Goal of the exercise => Retype exactly the lines below, starting with the line that contains "Prvky z konstrukce" and ending with the last line; leave out any pictures.

Data excerpt =>
——————

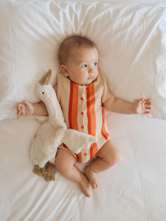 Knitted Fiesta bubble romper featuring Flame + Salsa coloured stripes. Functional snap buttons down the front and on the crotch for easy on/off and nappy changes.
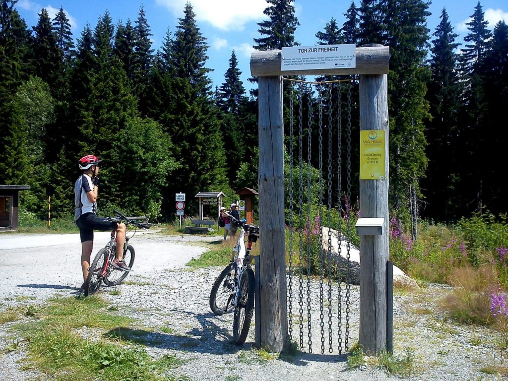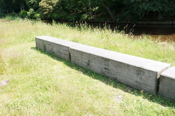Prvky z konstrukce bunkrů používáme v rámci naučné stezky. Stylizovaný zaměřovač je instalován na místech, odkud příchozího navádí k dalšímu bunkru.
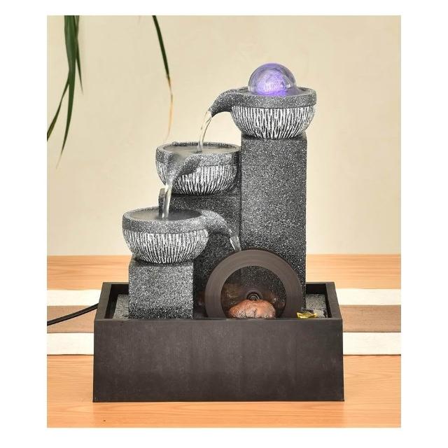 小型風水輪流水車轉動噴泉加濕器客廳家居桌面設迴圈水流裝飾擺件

——————

The answer =>
Prvky z konstrukce bunkrů používáme v rámci naučné stezky. Stylizovaný zaměřovač je instalován na místech, odkud příchozího navádí k dalšímu bunkru.
 小型風水輪流水車轉動噴泉加濕器客廳家居桌面設迴圈水流裝飾擺件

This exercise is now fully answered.